Most of the 10 residents attending the meeting spoke in opposition to Nittany Oil Co. being able to secure the liquor license. Several had different reasons about why they believed council should oppose the request. They pointed out because the store is open 24 hours, it is often the early morning hangout spot for a group of young adults.

“There’s already lots of trouble at the MinitMart now — you want to add alcohol? Residents of this town won’t be able to sleep at all,” said Resident Pam Rutter.

Some pointed out the close proximity of both the Coalport United Methodist Church and the Assembly of God Church to the store. A member of the Glendale Assembly of God Church said he did not approve of any alcohol being sold in the borough.

“We don’t need it around our children,” he explained.

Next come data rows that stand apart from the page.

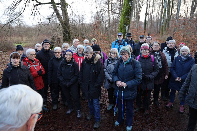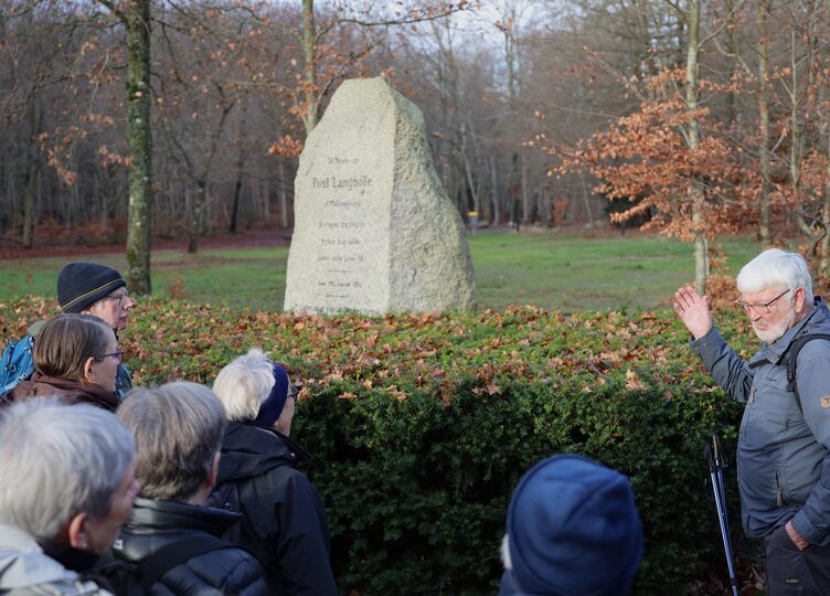 Alle deltagere mødtes ved Skanderborg Vandrehjem, og turen gik gennem skoven frem mod mindestenen for Poul Langballe og statuen til ære for arveprins Ferdinand.
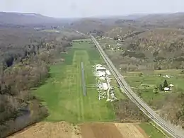The Ridge Soaring Gliderport in the Bald Eagle Valley, looking southwest toward Julian. Bald Eagle Mountain and Bald Eagle Creek are on the left, the Nittany and Bald Eagle Railroad and U.S. Route 220 are in the lower right, and the Allegheny Front is on the top right.
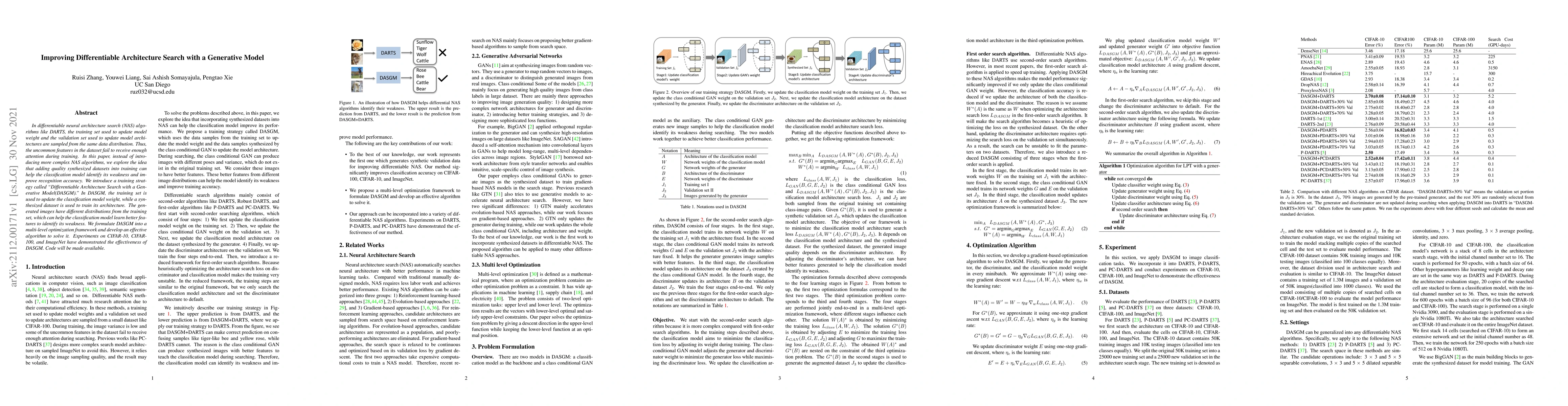 A new training strategy called Differentiable Architecture Search with a Generative Model (DASGM) improves neural architecture search accuracy by using synthesized datasets to identify model weaknesses, leading to better recognition performance on CIFAR-10, CIFAR-100, and ImageNet.

Harry and Christine Semelsberger, representing Cossick’s Central Hotel, told council the family-owned business has been in existence for 100 years and during those years, it has supported the community by donating to school and borough organizations and by hiring residents who pay borough taxes and patronize other community businesses.

The Semelsbergers reported the hotel, because of the local economy and more stringent state regulations, is finding it increasingly difficult to remain viable.

“The likelihood of this going in could put us under. It’s not fair,” Harry Semelsberger said. “We built it and they are coming to take it over,” Christine Semelsberger explained.

Kozar told council he is unsure what the company would choose to do about council’s denial of its request.

“Typically what happens is these things go to the Court of Common Pleas,” he said.